Afghanistan’s fate—past, present and future—is fundamentally beholden to the conditions of its creation. While today those conditions—its dependence on foreign aid, lack of legitimacy among the population and inability to deliver the public good—are viewed as elements of state failure, they are in fact consciously constructed features of its original blueprint. These perversions of political design—or pathologies—embedded by outside imperial powers at the modern state’s inception have long determined Afghanistan’s political fortunes, both domestically and internationally. The re-incarnated Taliban, risen from the ashes like the phoenix, will be subject to similar vicissitudes, as will all future Afghan governments.

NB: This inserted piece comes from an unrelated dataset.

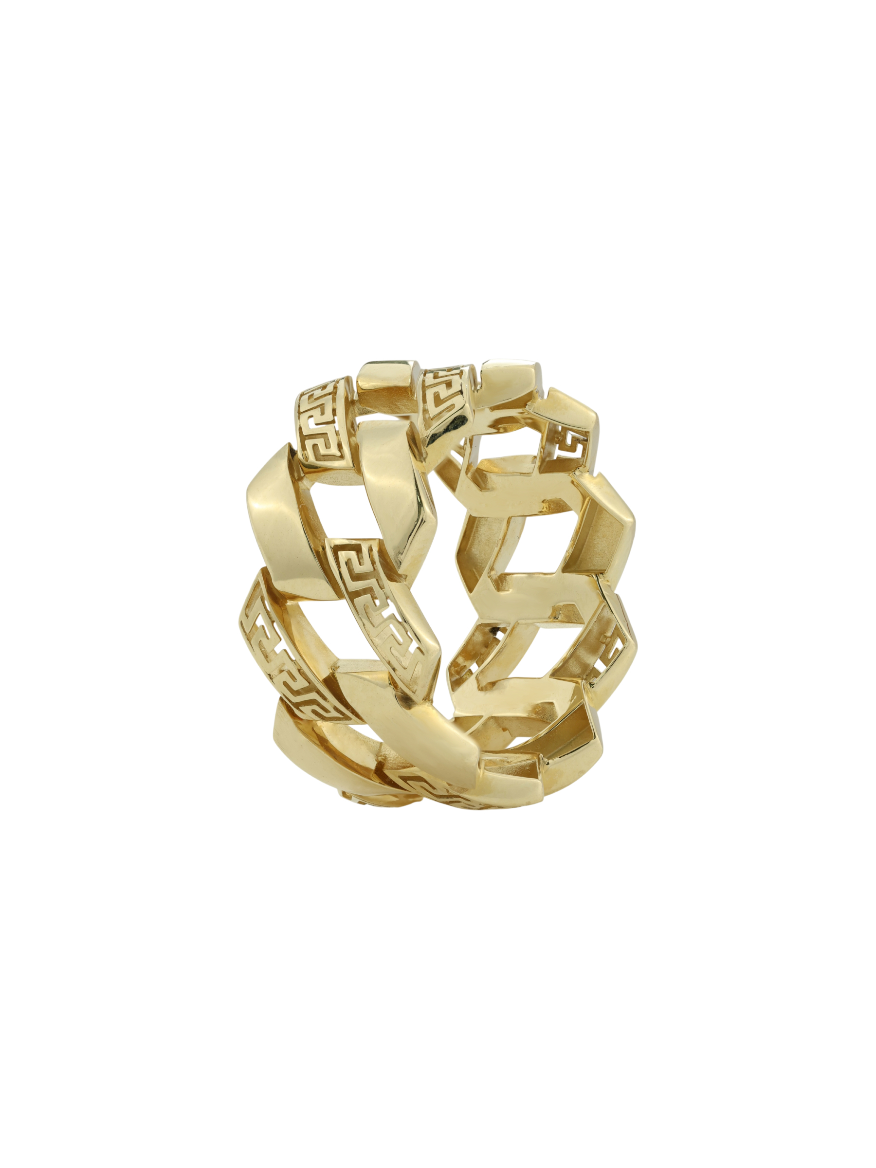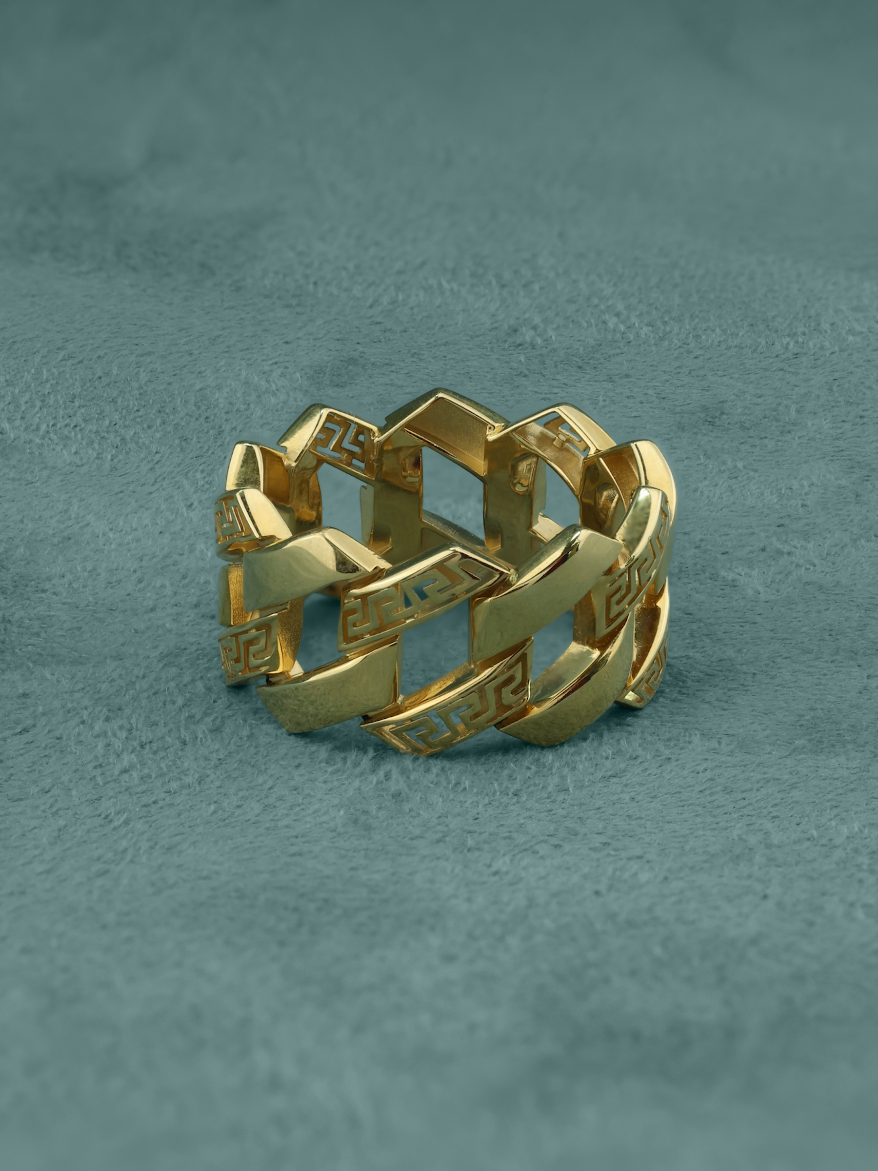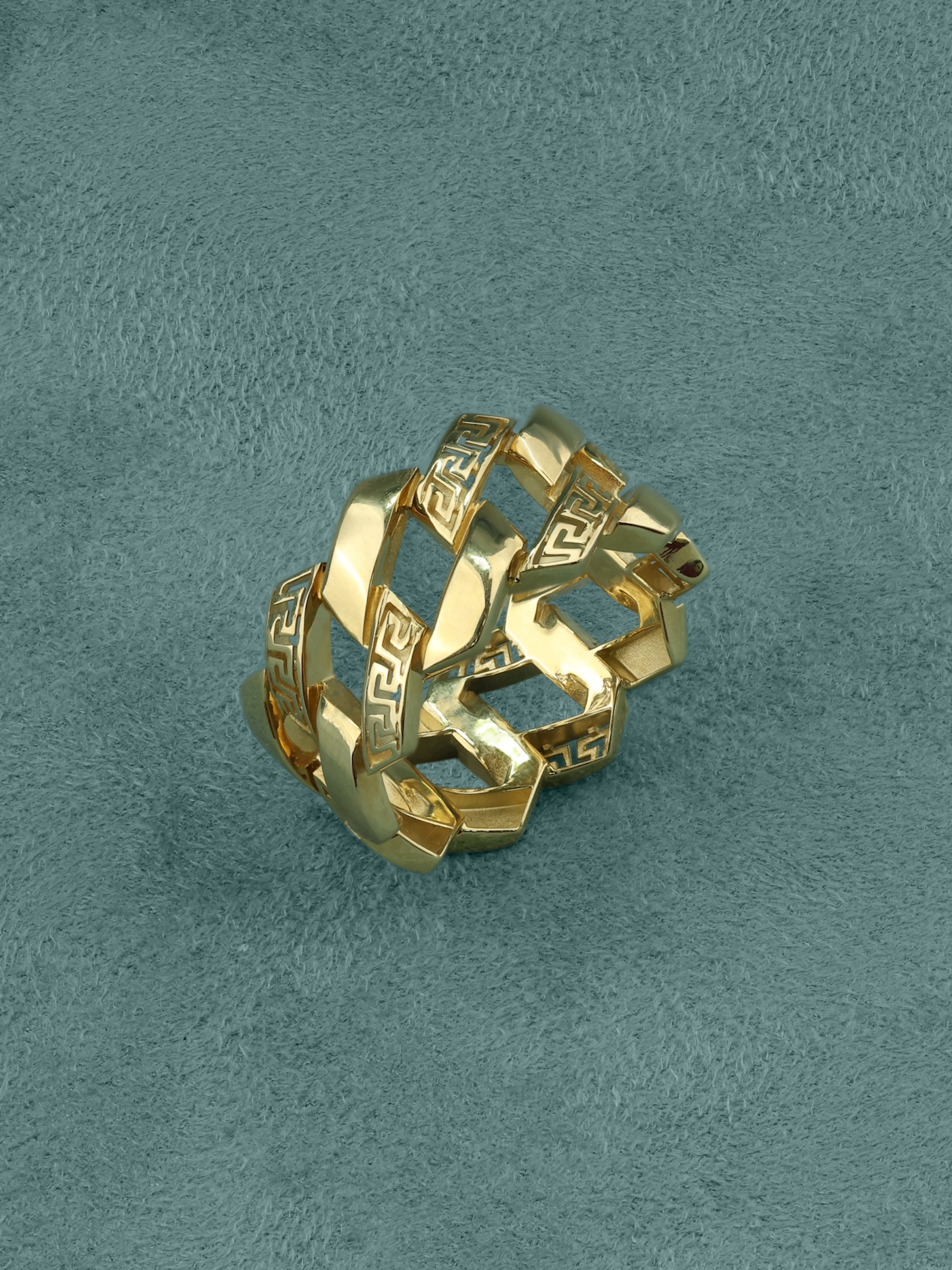 Массивный, но при этом гармоничный силуэт изделия делает его универсальным дополнением к повседневному или вечернему образу. Это кольцо одинаково органично смотрится как на женской, так и на мужской руке, подчеркивая статус и тонкий вкус своего владельца. Лимонный оттенок золота придает украшению свежий и стильный вид, выгодно отличая его от классических моделей. Каждая деталь тщательно проработана, создавая динамичную и объемную композицию, которая великолепно играет со светом при каждом движении.

Problems of the Afghan Nation

In the policy world and among the US public there is a common belief that Afghanistan is a land trapped in the past, ruled by ancient ties of kinship, primordial bonds of blood, and timeless traditions and cultural customs. Any coherent semblance of an Afghan nation is lacking in this stereotype. Its place is usurped by ethnic solidarities such as Pashtun and Tajik communities vying for dominance within the geographical space occupied by the Afghan state. The Taliban are understood not only as Islamic fundamentalists—a problematic caricature for other reasons—but also as Pashtun chauvinist-cum-nationalists. Their agenda is not only the establishment of Afghanistan as an Islamic emirate, but also as a Pashtun-dominated polity. These simplified views enable analysts to speak of the Afghan civil war as one of ethnic cleavages and foreign politicians to talk of the country as a tribal society where any idea of a shared national identity lacks traction.[2]

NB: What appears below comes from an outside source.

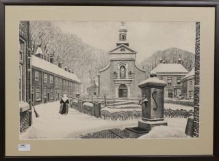 Vier diverse gravures, 17e t/m 19e eeuw en Jan Strube,litho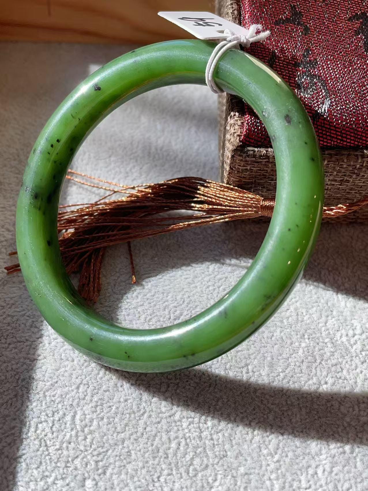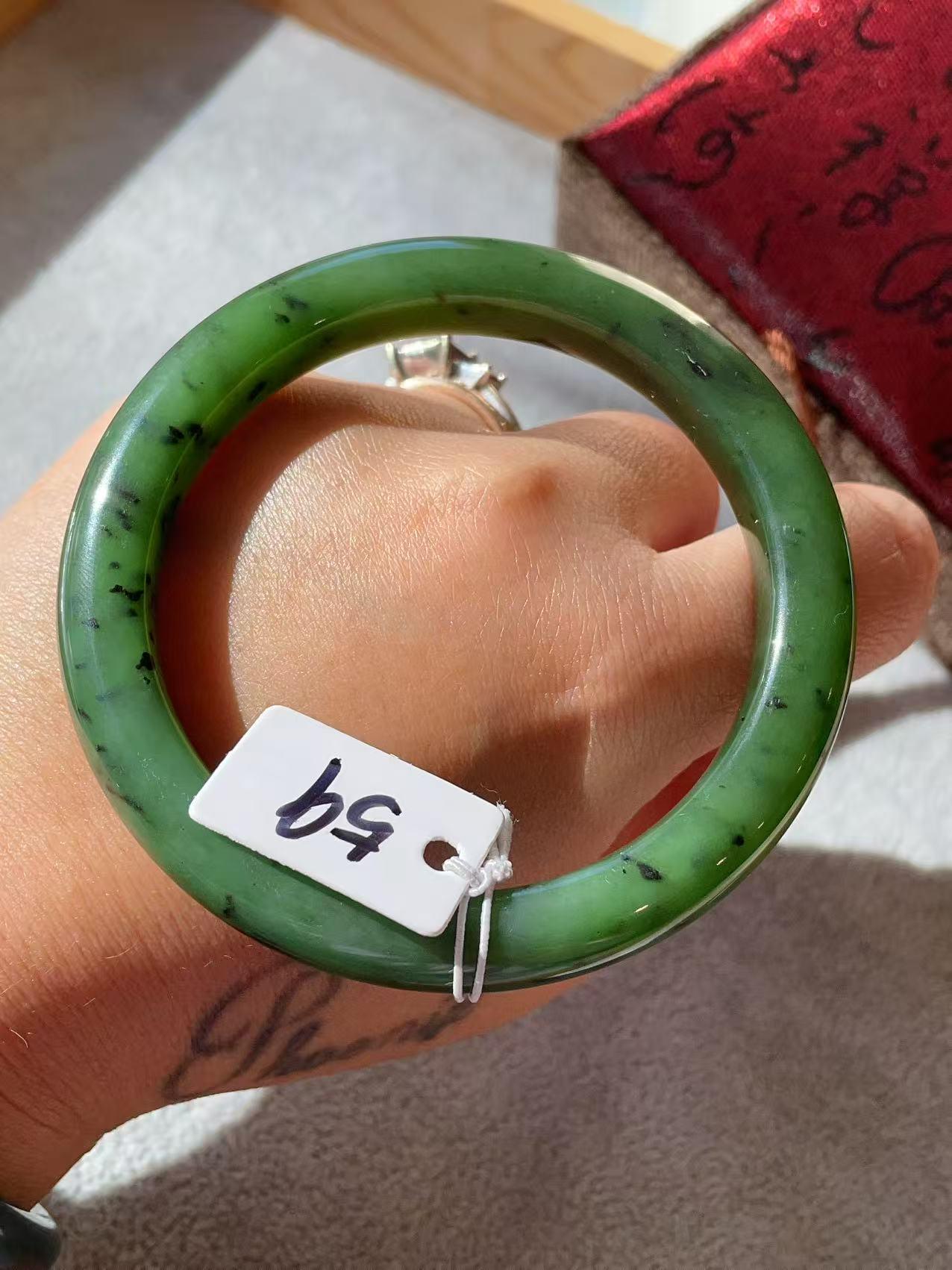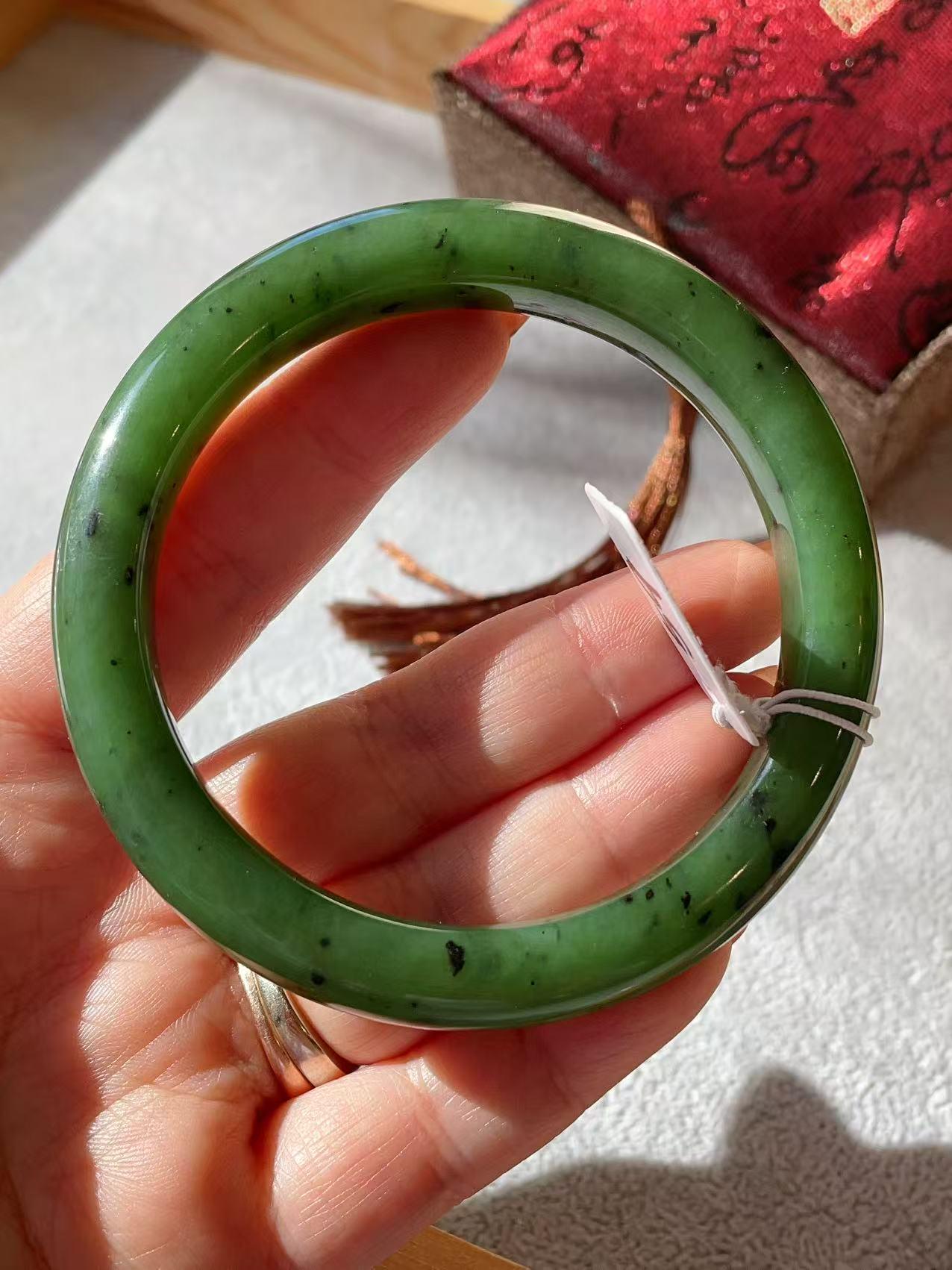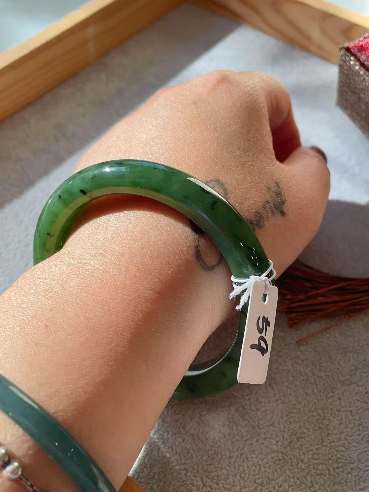 Certified Forest Green Jade Bangle: Natural Nephrite Green Jade Bracelet (59mm/60-61 Wearable), Green Jade Bangle

Whereas the Afghan nation has increasingly been conceptualized in ethnically exclusive terms, the Afghan state has historically been actualized in ethnically inclusive terms. American policymakers, however, believed Afghanistan to be a Pashtun-dominated state and predicated their political calculations on this belief.[3] Consequently, following the US-led restructuring of Afghanistan in the Bonn Process, the United States supported the construction of a highly centralized, ethnically delineated constitutional structure that institutionalized Pashtun power in a dominant executive. Such institutional architecture was both based on and facilitated an understanding of the Afghan nation not as a multiethnic mosaic but rather as one where the dominant ethnic group, the Pashtun, subordinated the other people of Afghanistan to their will. Historically though, this has not been the case. While a Pashtun has served as the political executive of the country since the establishment of the Durrani Empire in 1747, he has overseen a multiethnic, cosmopolitical state complex manned by Dari-speaking functionaries drawn from other ethnic groups, most notably the Shi‘a Qizilbash and Tajiks. Even the Pashtun king, and later president, has not been a “real” Pashtun. Instead, he has been an urban Dari-speaker, more at home and at ease in the ethnically mixed realm of Kabul than the tribal tracks of Khost.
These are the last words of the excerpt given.